Records provided:
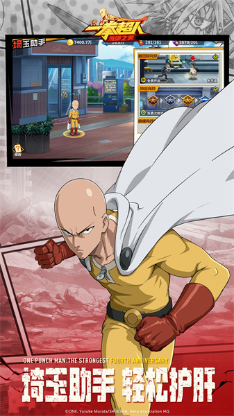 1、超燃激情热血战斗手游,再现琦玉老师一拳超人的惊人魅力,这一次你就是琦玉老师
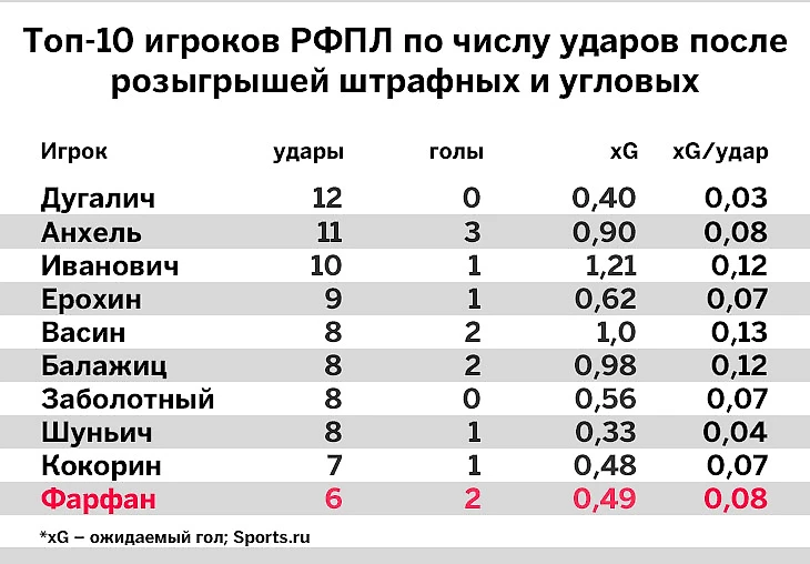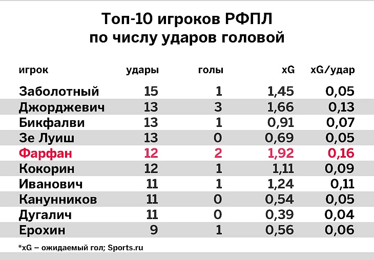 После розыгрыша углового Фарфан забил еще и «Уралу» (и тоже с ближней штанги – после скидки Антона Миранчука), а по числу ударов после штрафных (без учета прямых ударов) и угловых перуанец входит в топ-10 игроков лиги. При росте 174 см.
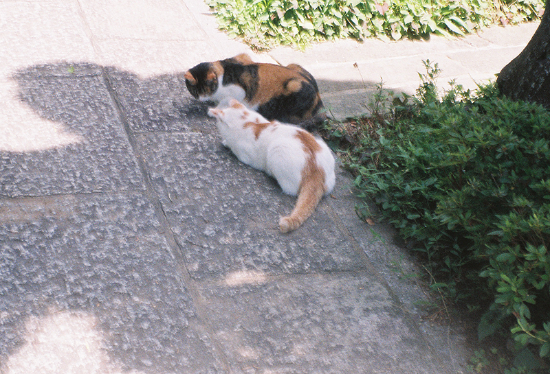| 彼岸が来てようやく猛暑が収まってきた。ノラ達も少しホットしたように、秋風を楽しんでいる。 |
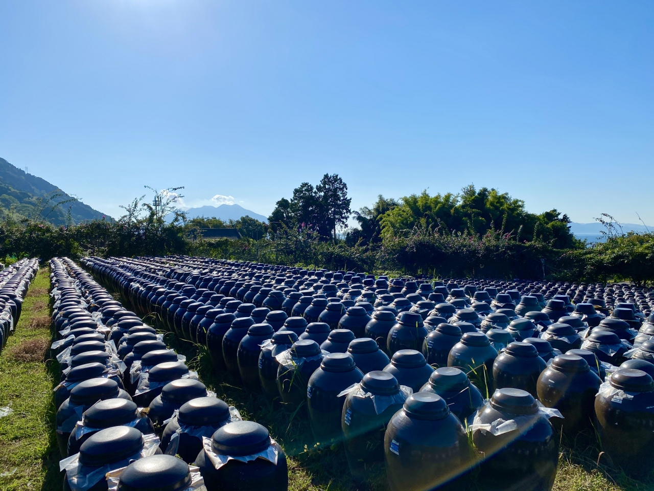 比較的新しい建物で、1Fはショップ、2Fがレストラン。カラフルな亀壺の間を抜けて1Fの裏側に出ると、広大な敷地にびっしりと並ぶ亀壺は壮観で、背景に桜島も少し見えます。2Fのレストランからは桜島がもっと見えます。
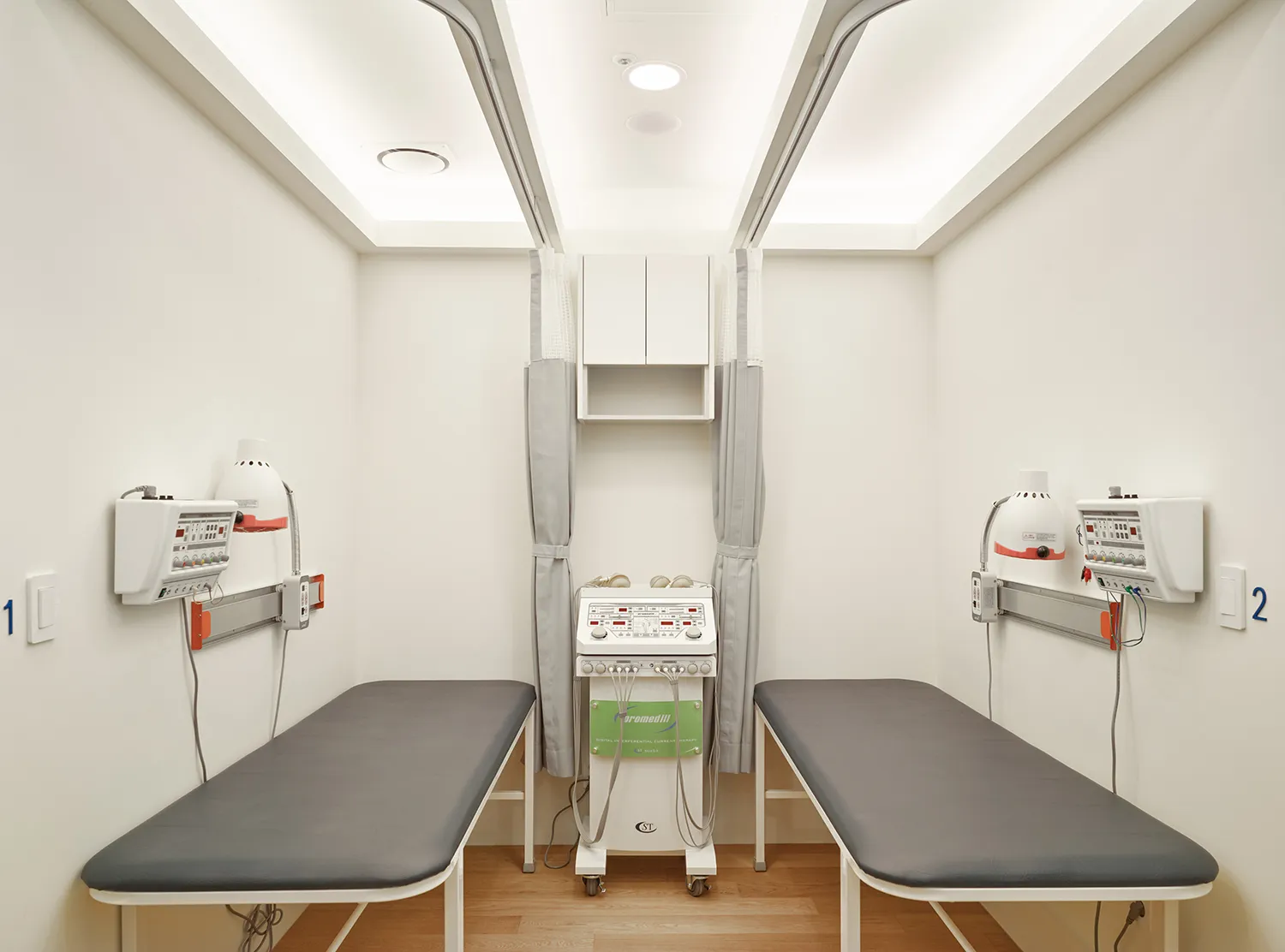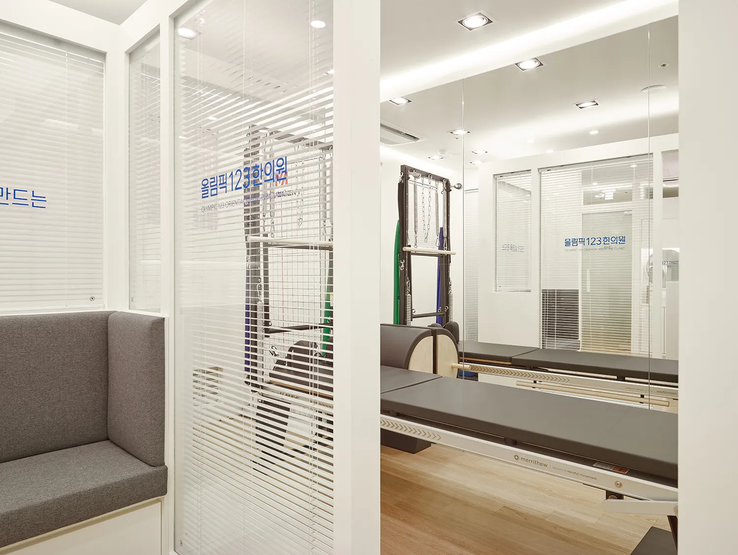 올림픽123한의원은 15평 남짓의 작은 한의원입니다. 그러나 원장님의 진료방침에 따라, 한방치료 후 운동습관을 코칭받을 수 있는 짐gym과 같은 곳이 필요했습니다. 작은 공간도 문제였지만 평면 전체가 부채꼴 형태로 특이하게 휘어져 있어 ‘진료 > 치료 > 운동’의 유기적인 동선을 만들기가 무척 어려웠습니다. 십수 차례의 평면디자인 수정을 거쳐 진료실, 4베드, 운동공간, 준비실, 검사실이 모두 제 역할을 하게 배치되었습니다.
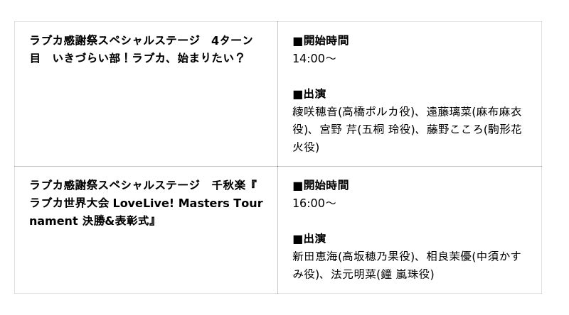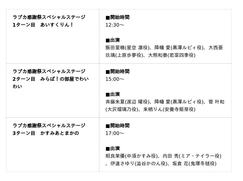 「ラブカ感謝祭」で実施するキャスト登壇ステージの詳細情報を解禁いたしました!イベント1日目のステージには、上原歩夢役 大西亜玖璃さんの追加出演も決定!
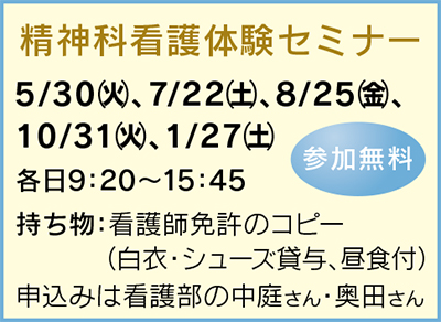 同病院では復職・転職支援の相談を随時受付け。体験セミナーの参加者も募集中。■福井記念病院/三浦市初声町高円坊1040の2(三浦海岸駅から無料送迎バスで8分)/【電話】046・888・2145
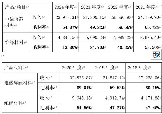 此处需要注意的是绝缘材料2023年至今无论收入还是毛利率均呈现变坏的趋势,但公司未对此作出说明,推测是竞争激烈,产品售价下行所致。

What you should do:
Reproduce the lines above exactly, please, but not the pictures in them.

Answer box:
 1、超燃激情热血战斗手游,再现琦玉老师一拳超人的惊人魅力,这一次你就是琦玉老师
 После розыгрыша углового Фарфан забил еще и «Уралу» (и тоже с ближней штанги – после скидки Антона Миранчука), а по числу ударов после штрафных (без учета прямых ударов) и угловых перуанец входит в топ-10 игроков лиги. При росте 174 см.
| 彼岸が来てようやく猛暑が収まってきた。ノラ達も少しホットしたように、秋風を楽しんでいる。 |
 比較的新しい建物で、1Fはショップ、2Fがレストラン。カラフルな亀壺の間を抜けて1Fの裏側に出ると、広大な敷地にびっしりと並ぶ亀壺は壮観で、背景に桜島も少し見えます。2Fのレストランからは桜島がもっと見えます。
 올림픽123한의원은 15평 남짓의 작은 한의원입니다. 그러나 원장님의 진료방침에 따라, 한방치료 후 운동습관을 코칭받을 수 있는 짐gym과 같은 곳이 필요했습니다. 작은 공간도 문제였지만 평면 전체가 부채꼴 형태로 특이하게 휘어져 있어 ‘진료 > 치료 > 운동’의 유기적인 동선을 만들기가 무척 어려웠습니다. 십수 차례의 평면디자인 수정을 거쳐 진료실, 4베드, 운동공간, 준비실, 검사실이 모두 제 역할을 하게 배치되었습니다.
 「ラブカ感謝祭」で実施するキャスト登壇ステージの詳細情報を解禁いたしました!イベント1日目のステージには、上原歩夢役 大西亜玖璃さんの追加出演も決定!
 同病院では復職・転職支援の相談を随時受付け。体験セミナーの参加者も募集中。■福井記念病院/三浦市初声町高円坊1040の2(三浦海岸駅から無料送迎バスで8分)/【電話】046・888・2145
 此处需要注意的是绝缘材料2023年至今无论收入还是毛利率均呈现变坏的趋势,但公司未对此作出说明,推测是竞争激烈,产品售价下行所致。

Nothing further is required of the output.